(Beginning of Records provided)

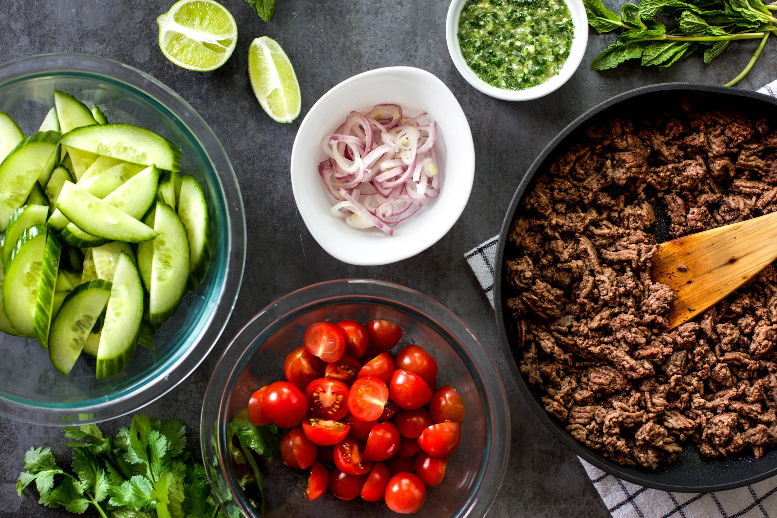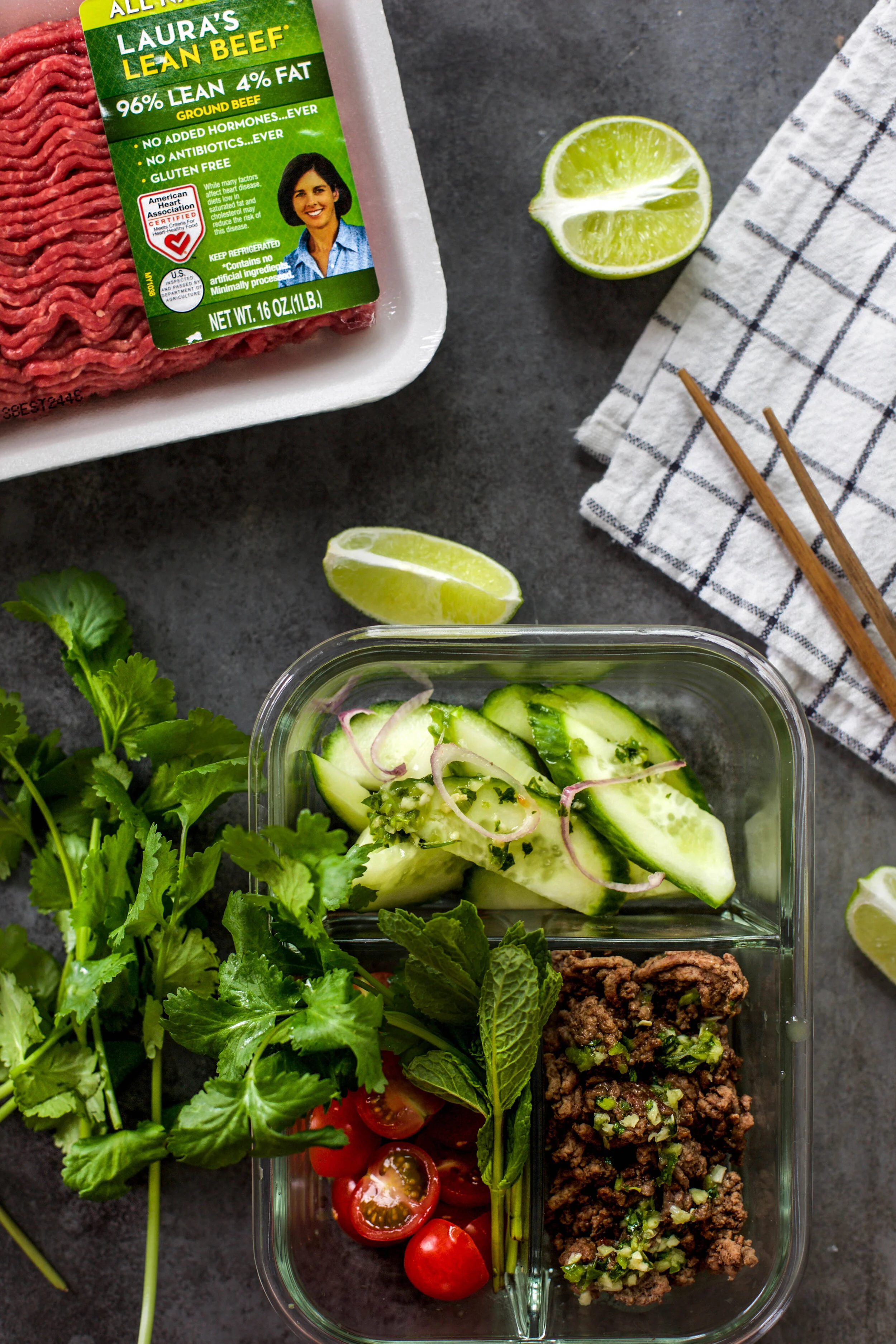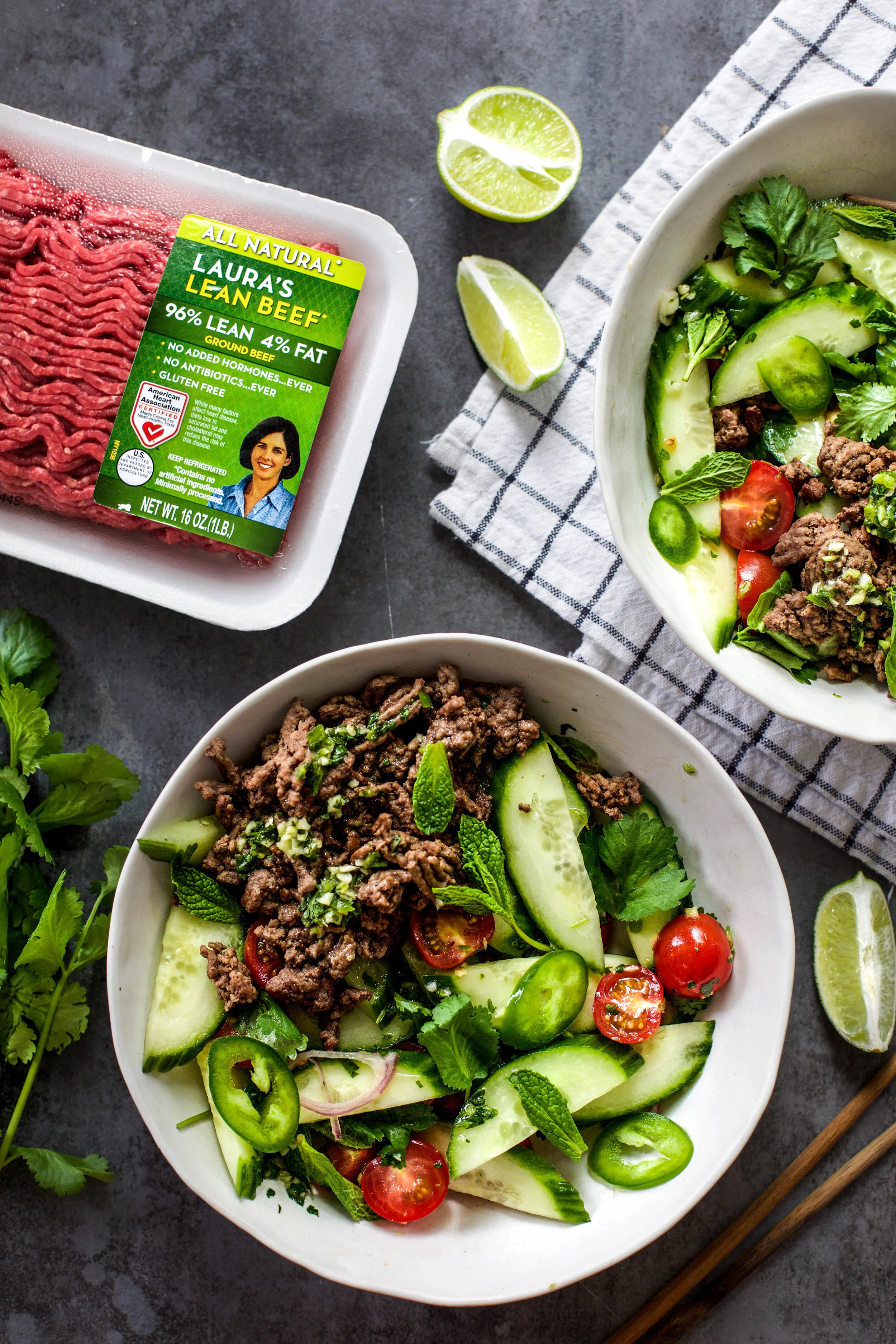 Meal prepping at least one meal for the week is something I always strive to do because it makes my life so much easier on busy days. That’s why I partnered with Laura’s Lean to bring you a delicious meal idea that is perfect to meal prep for weekday lunches or dinners. Ground beef is one of those proteins I love to keep stocked in my freezer because of it’s versatility with recipes and with Laura Lean Ground Beef I can feel good about the food I am feeding my family. This recipe for Thai Ground Beef Salad is full of flavor, easy to prep, and will quickly become one of your favorite salad recipes!
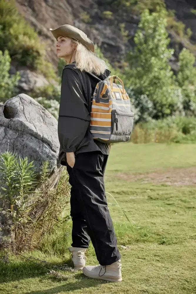 The Striped Waterproof Nylon Backpack Bag with Side Pockets is a fashionable and functional accessory for any outing. Its stylish striped design adds a touch of flair to your look while the waterproof nylon material keeps your belongings safe from the elements. The side pockets provide easy access to essentials like water bottles or keys, making it a versatile and practical choice for daily use.
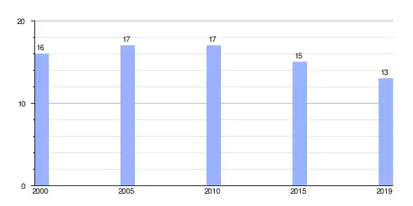 | Gráfica de evolución demográfica de Uriz (aldea) entre 2000 y 2019 |
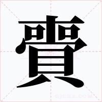 “賷” 字共有 17 画,拼音:jī,注音:ㄐㄧ,部首:貝,笔画数:17 画,字体结构:上中下结构,五行:火,五笔:FKKM,Unicode编码:U+8CF7,郑码:EDWL,仓颉:JBBUC,“賷”字笔顺为:一丨丨フ一丨フ一丶フ丨フ一一一ノ丶
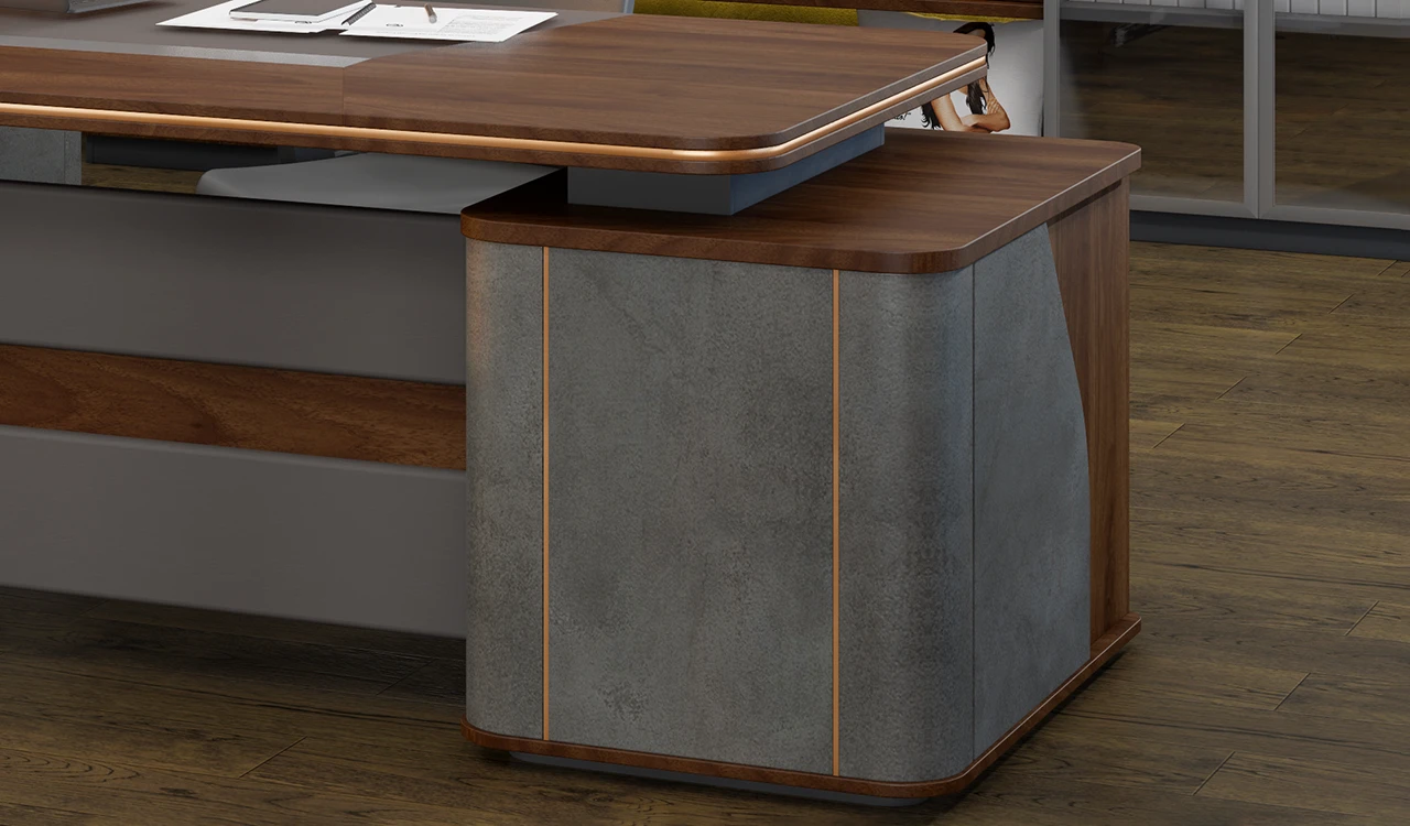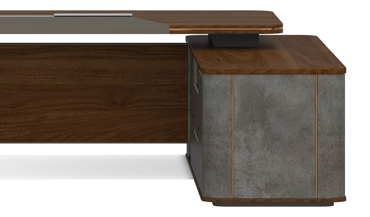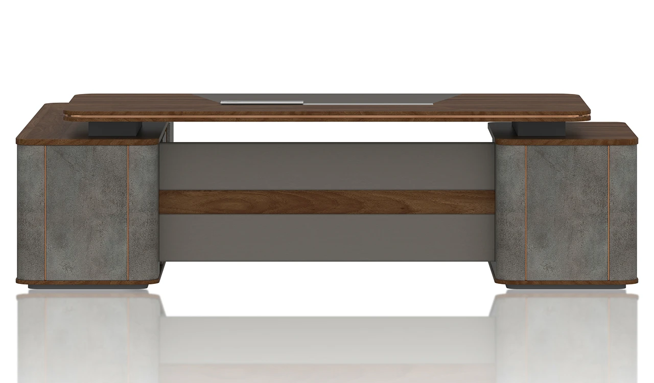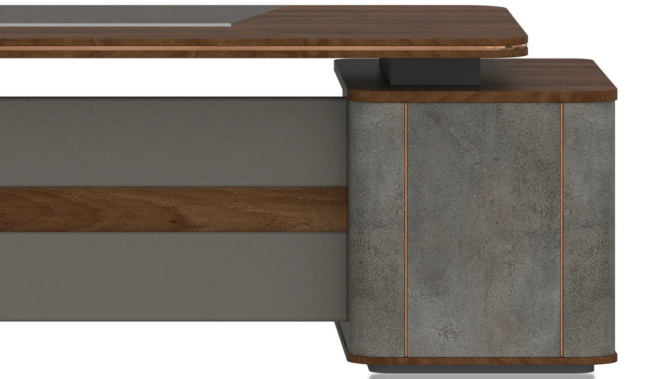 This elegant 7 feet office table with side cabinet comes in classic Norica walnut, rock gray and carbon gray combination as seen in the picture.
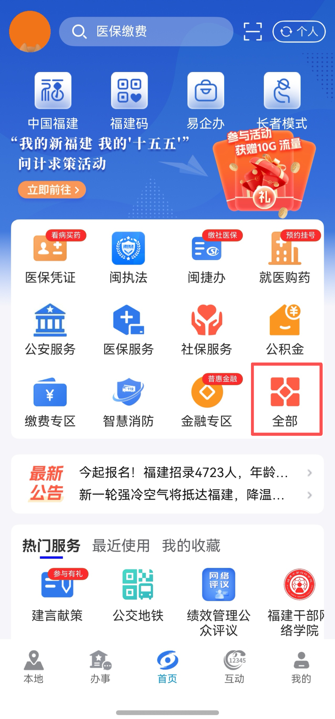 2.在“个人办事”中选择“优待抚恤”,选择“福建退役军人之家”进入退役军人专区;
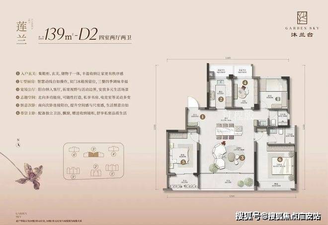 一梯一户设计私域电梯厅,是豪宅市场方能一见的专属礼遇;餐厨客厅阳台一体化,呈献视线时时相交的家庭聚场,形成罕见的全屋南北多阳台,莳花弄草、家政晾晒各得其位互不相扰。约23.4㎡精奢主卧套房,自带独立衣帽空间,贴心预留梳妆台位置,包容朝夕起居的静好日常……
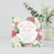 Elegant och klassvis rosa och vit ros blommigt med sage grönt eucalyptus grey "Födelsedagsfest"-skripttextdesign med geometrisk guld-tonad linjer-cirkulär ram.
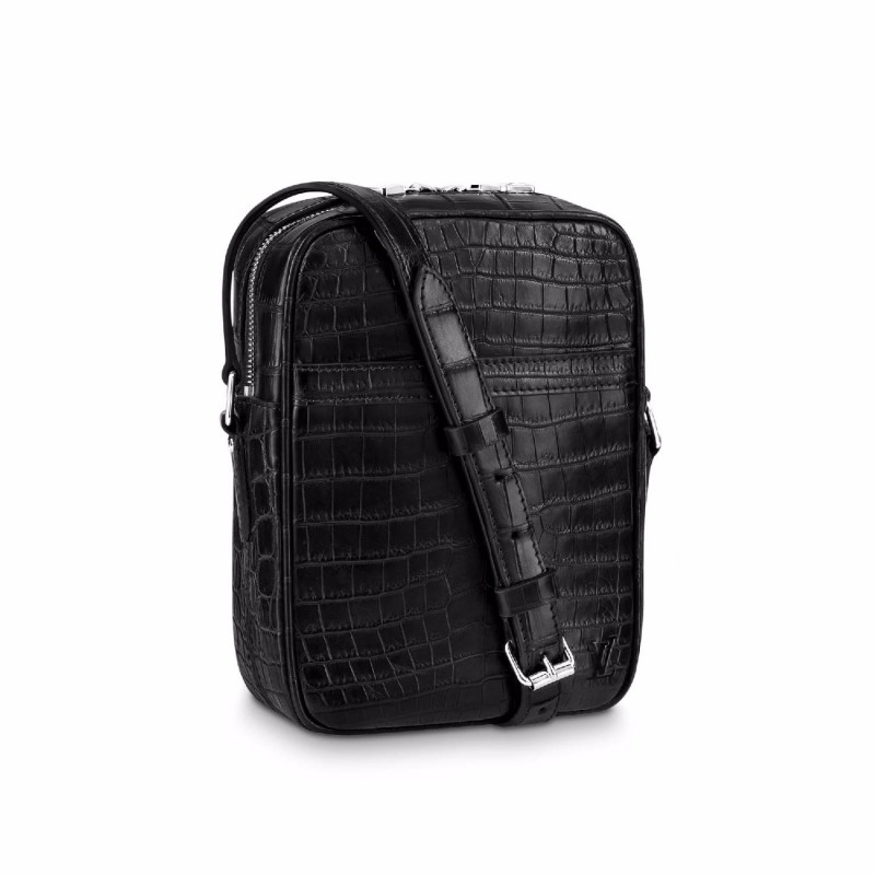 Noir Cuir de veau et cuir de crocodile Doublure textile Finitions en cuir de vache et cuir de crocodile Pièces métalliques argentées Bandoulière ajustable en cuir avec patte d’épaule Poche extérieure à l’avant Poche plate intérieure 【颜色】颜色如图 【尺码】均码 【合身度与测量】 【护理及保养】 *2020.05.31*8.00*GW*N94715*18500.0*颜色如图
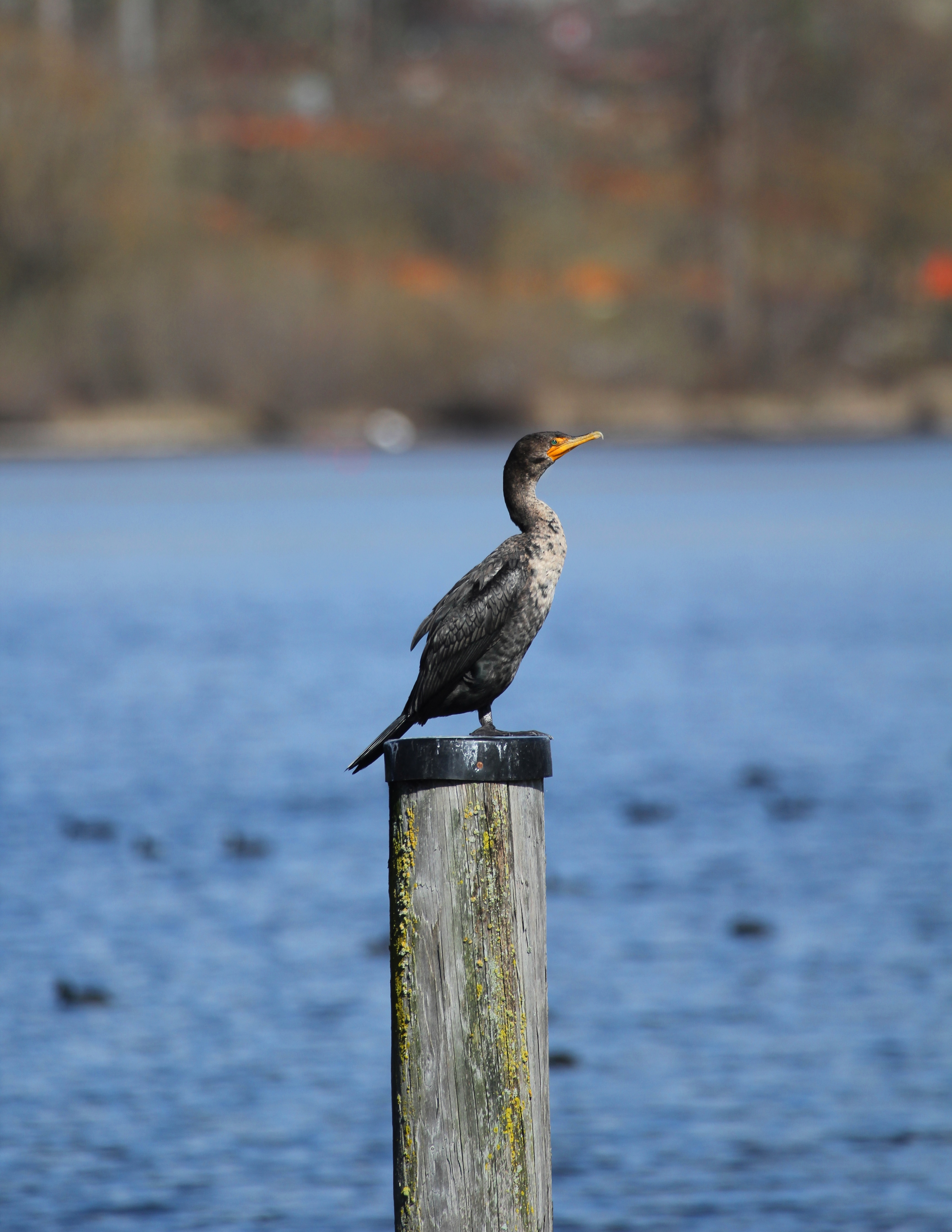 This one has it figured out! He’s a Double-crested Cormorant. He’s young, maybe a year or so. And he’s way ahead of the duck. At least as far as posing for the camera. On a perfect, Spring-like afternoon.
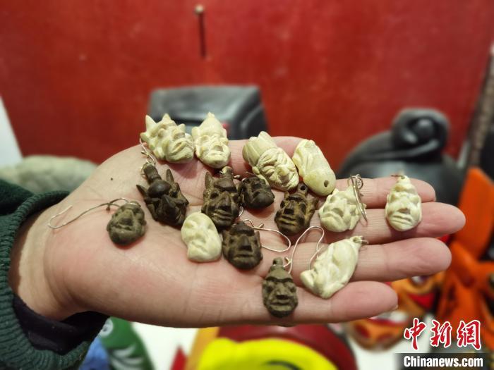 图为杨云霞制作的傩面具耳环。 周燕玲 摄

(End of Records provided)

> Work required
Copy nothing but the lines from the first one in the listing through the line with "字共有 17 画,拼音:jī,注音:ㄐㄧ,部首:貝,笔画数:17", and omit the pictures.

> Written response
 Meal prepping at least one meal for the week is something I always strive to do because it makes my life so much easier on busy days. That’s why I partnered with Laura’s Lean to bring you a delicious meal idea that is perfect to meal prep for weekday lunches or dinners. Ground beef is one of those proteins I love to keep stocked in my freezer because of it’s versatility with recipes and with Laura Lean Ground Beef I can feel good about the food I am feeding my family. This recipe for Thai Ground Beef Salad is full of flavor, easy to prep, and will quickly become one of your favorite salad recipes!
 The Striped Waterproof Nylon Backpack Bag with Side Pockets is a fashionable and functional accessory for any outing. Its stylish striped design adds a touch of flair to your look while the waterproof nylon material keeps your belongings safe from the elements. The side pockets provide easy access to essentials like water bottles or keys, making it a versatile and practical choice for daily use.
 | Gráfica de evolución demográfica de Uriz (aldea) entre 2000 y 2019 |
 “賷” 字共有 17 画,拼音:jī,注音:ㄐㄧ,部首:貝,笔画数:17 画,字体结构:上中下结构,五行:火,五笔:FKKM,Unicode编码:U+8CF7,郑码:EDWL,仓颉:JBBUC,“賷”字笔顺为:一丨丨フ一丨フ一丶フ丨フ一一一ノ丶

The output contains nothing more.